Dormir bien también es cuestión de nutrición
Marzo no sólo trae mochilas llenas y agendas apretadas, también llega cargado de estrés. El retorno a clases y la reanudación de las rutinas de trabajo pasan a ser uno de los períodos de mayor presión para niños, jóvenes y adultos, y el sueño suele ser la primera víctima. Según una encuesta Cadem realizada el año pasado, el 58% de los chilenos declaraba dormir mal o regular, mientras que la Encuesta Nacional de Salud revelaba que en el 63,2% de la población existe sospecha de algún trastorno del sueño.
En ambos casos, el estrés y la ansiedad son los principales detonantes. En este contexto, la químico farmacéutico de Farmacias Ahumada, Soledad Velásquez, pone el foco en un aliado poco considerado: la nutrición. "Lo que comemos tiene un impacto directo en cómo dormimos.
Hay nutrientes que participan activamente en la producción de melatonina, la hormona del sueño, y en la relajación del sistema nervioso", explica la especialista. Los nutrientes que regulan el descanso El magnesio, en particular el glicinato de magnesio, es uno de los más importantes, ya que relaja los músculos, reduce el cortisol -la hormona del estrés- y calma el sistema nervioso. Se puede encontrar en espinacas, almendras, semillas de zapallo, legumbres y cereales integrales.
Por otro lado, la vitamina D regula el ritmo circadiano e impacta directamente los niveles de melatonina, la hormona que regula el ciclo sueño-vigilia, indicando al cuerpo cuándo hay que dormir (cuando sus niveles se incrementan). Su principal fuente es la exposición solar moderada, complementada con pescados grasos, huevo y lácteos.
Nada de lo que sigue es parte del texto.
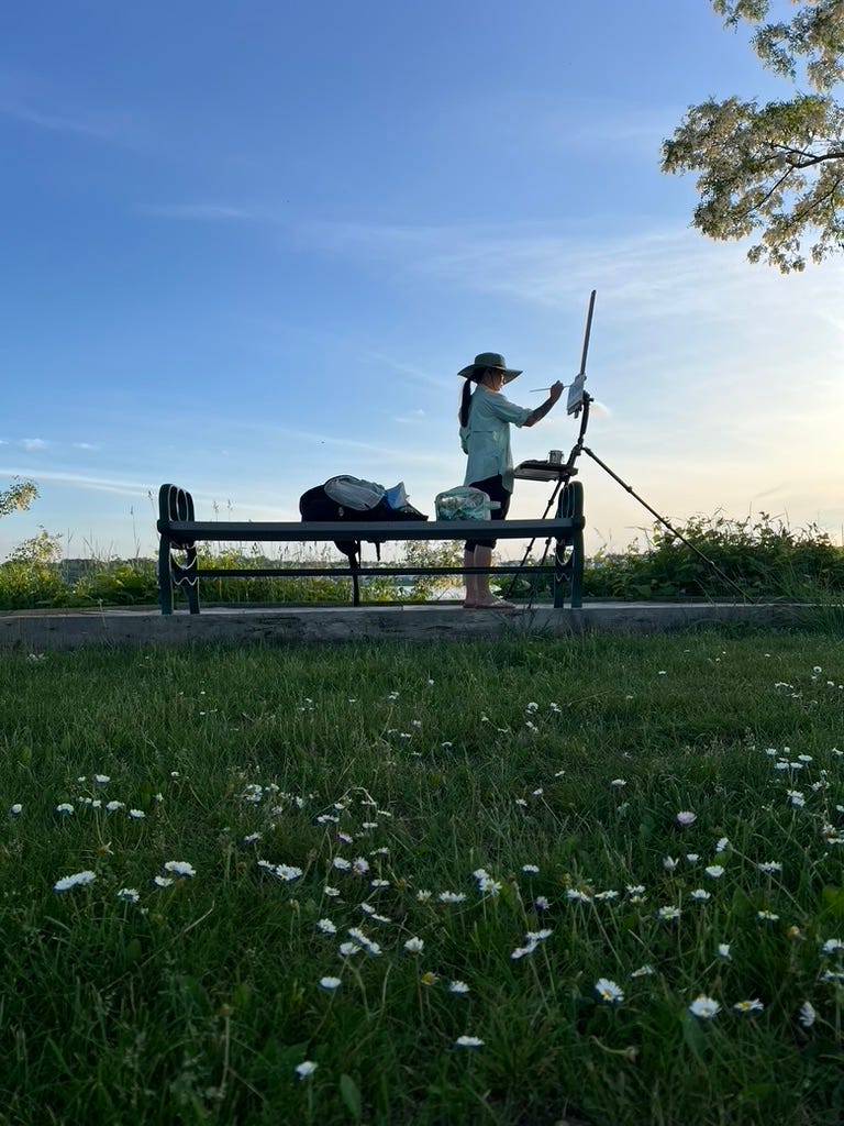The sun was actually setting as we drove home, and we stopped at a park to watch it and skip stones (very poorly). Did I want to paint it? Yes, but sometimes a sunset should just be enjoyed.

Las vitaminas B (B6, B12, folato) actúan como cofactores en la síntesis de serotonina (la hormona que regula el estado de ánimo, el sueño y la digestión) y la melatonina; en particular, la vitamina B6 convierte el triptófano en serotonina y, luego, en melatonina.
Las podemos encontrar en carnes magras, huevos, lácteos, legumbres y cereales integrales. Estudios realizados donde se han combinado con magnesio, muestran mejoras en cuadros de insomnio. Asimismo, minerales como el zinc y el calcio han mostrado que influyen positivamente en el sueño y su calidad.
Ambos apoyan la conversión de triptófano en melatonina y el calcio, en particular, ayuda al cerebro a liberar melatonina y promueve la relajación nerviosa. Ensayos y revisiones señalan a estos nutrientes como coadyuvantes potenciales en la higiene del sueño, pudiéndose encontrar en alimentos como lácteos, frutos secos, semillas y pescados. Por último, el hierro es clave para la oxigenación cerebral y para prevenir el síndrome de piernas inquietas, trastorno que interrumpe el sueño, mientras que existe evidencia creciente de que los ácidos grasos Omega-3 moderan la inflamación y pueden mejorar continuidad y calidad del sueño.